For this practical, you start the SML system by typing the command “fep ml prac1” for a stand-alone interactive session, or “ml prac1” if you are running ML from within the emacs editor (see the note Using Poly/ML for details). You should get something similar to the following response:

  Poly/ML runtime system version 2.06MX-SUN (10:56 Thu 01 Jul 1993)
  Running with heap parameters (h=1024K,ib=204K,ip=90%,mb=204K,mp=50%)
      .
      .
      .
  >

The “>” is SML’s prompt, i.e., it is waiting for input at this point. If you want to interrupt the SML system at any time, you should just type Ctrl-C, A new prompt, “=>” will then be displayed. Then type a character: q(uit - Exit from system), c(ontinue running), or f(ail - Raise an exception)

Try typing the following expressions and see what happens:

   2 + 3;
   2 * 3;
   2 + 2 * 3;
  (2 + 2) * 3;

The “;” at the end of each expression tells the SML system to go away and evaluate the expression. Note that the system returns not only a result, but also its type.
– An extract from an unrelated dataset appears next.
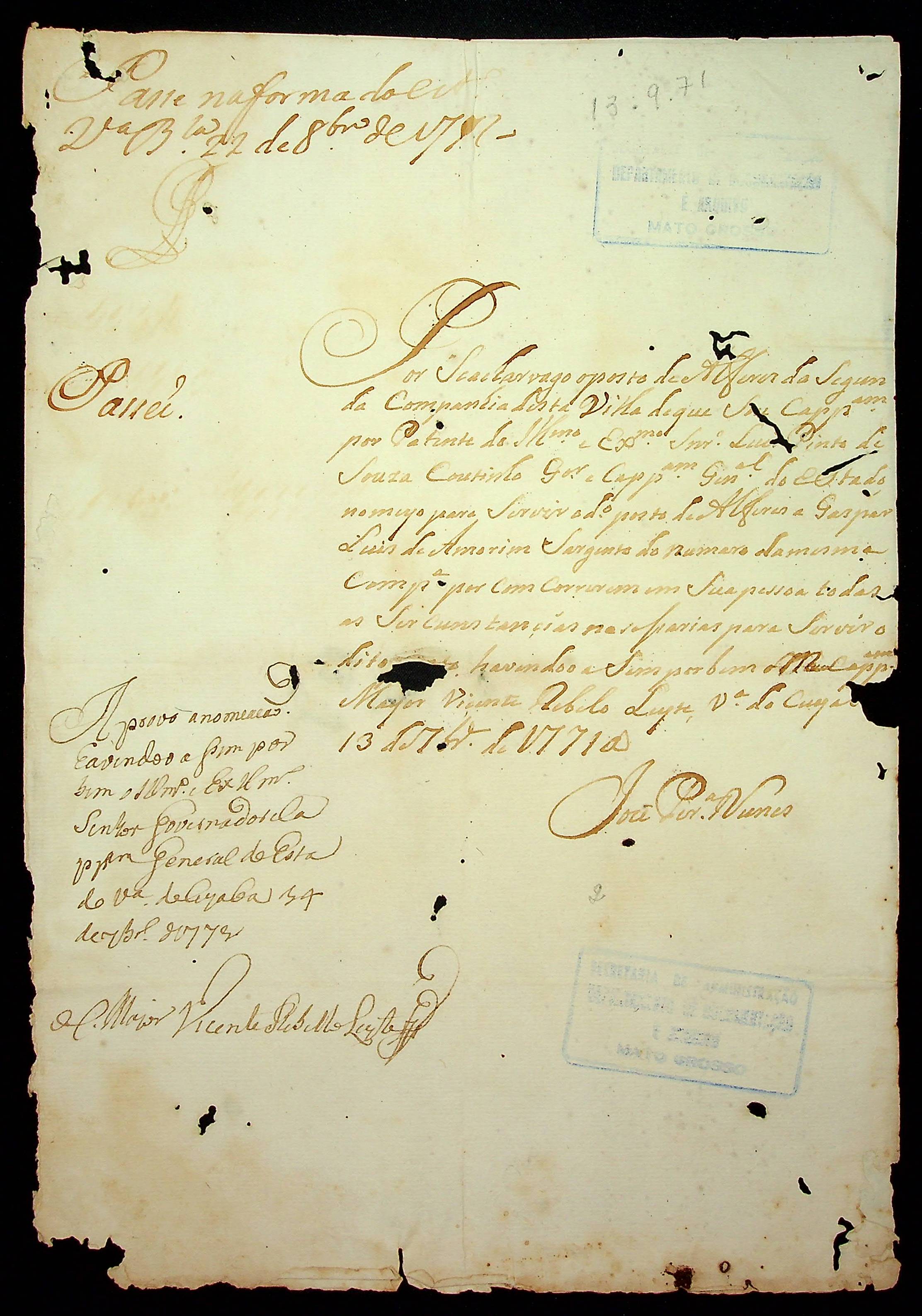 NOMEAÇÃO de Gaspar Luiz de Amorim ao posto de Alferes da segunda Companhia da Vila do Cuiabá, passada pelo Capitão José Pereira Nunes.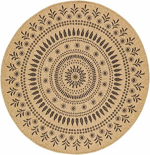 BoutiqueRugs Beata Traditional, Transitional Area Rug - Outdoor Safe - Tan, Black White, White Tonal - 5'1" Square

It quickly becomes tedious to type in such expressions directly to the SML system, particularly when you make a mistake. There are a number of solutions to this problem. You can recall and edit a previous line using fep control keys (e.g., Ctrl-P and Ctrl-N to move backwards and forwards in the history of input lines, and Ctrl-B and Ctrl-F to move within a line). For longer SML inputs, where line-by-line interaction with the SML system is not required, it is more convenient to put everything into a file. You can then cut and paste between editor and SML windows, or you can tell the SML system to read the file using the command “PolyML.use "filename";”. The note Using Poly/ML outlines a number of ways of creating and editing your ML code. A common mistake is to edit a file to fix a bug, but then forget to save the file before instructing SML to read it. The data read will then be that before the bug fix, which is often the source of much confusion.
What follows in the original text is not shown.